Randomized Phase II Study of DCE-MRI-based Dose Escalation for Poor-prognosis and Neck Cancer

Patients must have pathologically-confirmed, non-metastatic locally/regionally advanced squamous cell carcinoma of the head and neck, stage III/IV, referred for definitive chemo-RT, and meet one of the following six criteria:

1. Primary tumor (T4) with or without metastatic lymph nodes. Tumor or nodes are: unresectable, resection is considered by the treating surgeon or patient to result in unacceptable functional or oncological results, patient refuses surgery, or surgery is not possible due to comorbidities.
2. HPV(-) (Human Papillomavirus) or p16(-) locally/regionally advanced (T3-4 or N2-3) oropharyngeal cancer.
3. HPV(+) or p16(+) locally/regionally advanced (T4 or N3) oropharyngeal cancer.
4. T3 or T4 laryngeal or hypopharyngeal cancer that is locally advanced, bulky (>40 cc*), unresectable, or patient declines surgery.
5. Stage III/IV oral cavity or paranasal sinus cancers in patients who refuse surgery or are unfit for surgery.
6. Locally/regionally advanced (stage T3-4 and/or N3) nasopharyngeal cancer which is EBV (-) (Epstein-Barr Virus).

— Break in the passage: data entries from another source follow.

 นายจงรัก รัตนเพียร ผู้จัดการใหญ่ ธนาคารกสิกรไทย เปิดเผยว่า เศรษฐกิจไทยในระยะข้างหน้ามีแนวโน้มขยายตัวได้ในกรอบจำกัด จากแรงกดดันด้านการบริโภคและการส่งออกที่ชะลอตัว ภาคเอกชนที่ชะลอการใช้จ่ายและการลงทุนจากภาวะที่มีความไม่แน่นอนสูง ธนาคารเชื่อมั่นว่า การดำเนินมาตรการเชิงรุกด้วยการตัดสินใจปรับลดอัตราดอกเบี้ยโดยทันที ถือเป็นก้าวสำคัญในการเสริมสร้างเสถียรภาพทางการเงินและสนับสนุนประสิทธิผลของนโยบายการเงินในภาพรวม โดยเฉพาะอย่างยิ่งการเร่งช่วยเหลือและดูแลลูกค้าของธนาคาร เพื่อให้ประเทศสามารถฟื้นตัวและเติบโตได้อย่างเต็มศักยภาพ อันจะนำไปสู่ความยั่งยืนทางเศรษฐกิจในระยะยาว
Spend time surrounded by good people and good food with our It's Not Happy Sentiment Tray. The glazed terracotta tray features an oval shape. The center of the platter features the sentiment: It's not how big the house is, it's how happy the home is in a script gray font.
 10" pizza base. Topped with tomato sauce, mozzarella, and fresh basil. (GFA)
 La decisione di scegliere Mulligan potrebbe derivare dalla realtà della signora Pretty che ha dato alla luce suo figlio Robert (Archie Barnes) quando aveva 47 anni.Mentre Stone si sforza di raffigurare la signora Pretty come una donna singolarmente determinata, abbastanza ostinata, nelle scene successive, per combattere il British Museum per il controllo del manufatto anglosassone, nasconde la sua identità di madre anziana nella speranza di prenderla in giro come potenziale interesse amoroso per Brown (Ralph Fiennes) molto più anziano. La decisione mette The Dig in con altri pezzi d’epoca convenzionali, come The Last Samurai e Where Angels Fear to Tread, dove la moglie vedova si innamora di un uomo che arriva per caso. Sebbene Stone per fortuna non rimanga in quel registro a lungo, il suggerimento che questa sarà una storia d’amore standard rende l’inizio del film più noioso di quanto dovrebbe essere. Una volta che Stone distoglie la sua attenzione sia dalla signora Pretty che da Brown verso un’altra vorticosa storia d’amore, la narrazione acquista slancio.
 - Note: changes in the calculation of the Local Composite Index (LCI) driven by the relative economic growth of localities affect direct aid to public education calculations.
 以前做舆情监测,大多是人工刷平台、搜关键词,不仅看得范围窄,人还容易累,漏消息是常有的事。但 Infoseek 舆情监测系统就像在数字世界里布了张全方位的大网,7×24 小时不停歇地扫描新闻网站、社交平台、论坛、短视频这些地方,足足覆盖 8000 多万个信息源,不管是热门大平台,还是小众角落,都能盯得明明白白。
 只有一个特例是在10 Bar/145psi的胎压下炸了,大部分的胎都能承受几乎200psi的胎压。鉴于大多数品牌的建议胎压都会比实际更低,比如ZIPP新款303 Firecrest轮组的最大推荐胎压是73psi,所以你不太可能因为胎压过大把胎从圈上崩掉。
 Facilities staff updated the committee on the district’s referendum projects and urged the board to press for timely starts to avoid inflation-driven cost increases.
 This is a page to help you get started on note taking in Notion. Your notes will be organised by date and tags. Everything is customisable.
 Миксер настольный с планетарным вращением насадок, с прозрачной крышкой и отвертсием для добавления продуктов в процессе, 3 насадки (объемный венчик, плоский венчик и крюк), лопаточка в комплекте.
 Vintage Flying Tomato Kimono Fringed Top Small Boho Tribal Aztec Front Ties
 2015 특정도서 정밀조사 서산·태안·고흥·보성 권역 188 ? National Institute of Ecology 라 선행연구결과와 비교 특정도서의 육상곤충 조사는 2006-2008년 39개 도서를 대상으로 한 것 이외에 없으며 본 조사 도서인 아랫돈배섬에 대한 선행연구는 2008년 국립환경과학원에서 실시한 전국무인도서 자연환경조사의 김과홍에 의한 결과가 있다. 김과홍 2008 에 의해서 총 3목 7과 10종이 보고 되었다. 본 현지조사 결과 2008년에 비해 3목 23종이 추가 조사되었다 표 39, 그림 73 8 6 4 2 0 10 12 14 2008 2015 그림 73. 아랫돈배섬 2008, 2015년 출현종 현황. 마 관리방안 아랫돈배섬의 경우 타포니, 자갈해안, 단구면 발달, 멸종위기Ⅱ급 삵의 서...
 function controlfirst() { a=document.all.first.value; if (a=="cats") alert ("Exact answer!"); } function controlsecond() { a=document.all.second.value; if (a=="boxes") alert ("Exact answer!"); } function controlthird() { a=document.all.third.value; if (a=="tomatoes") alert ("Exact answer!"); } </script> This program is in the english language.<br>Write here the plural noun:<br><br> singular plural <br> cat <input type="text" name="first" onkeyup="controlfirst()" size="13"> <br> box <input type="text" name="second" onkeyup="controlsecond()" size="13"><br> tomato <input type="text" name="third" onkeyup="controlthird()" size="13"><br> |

KPS (Karnofsky Performance Status: A measure of general well being and activities of daily living; scores range from 0 to 100 where 100 represents perfect health) >70 (see Appendix A) within two weeks of enrollment.

Pre-treatment laboratory criteria within four weeks of enrollment:

• WBC (White Blood Cell) > 3500/ul, granulocyte > 1500/ul.
• Platelet count > 100,000/ul.
• Total Bilirubin < 1.5 X ULN.
• AST (Aspartate Aminotransferase) and ALT (Alanine Aminotransferase) < 2.5 X ULN.
• Estimated Creatinine clearance >30cc/min.

Patients must be able to receive protocol chemotherapy in the judgment of the treating Medical Oncologist.

Patients are adults (Age ≥18).

All patients must be informed of the investigational nature of this study and given written informed consent in accordance with institutional and federal guidelines.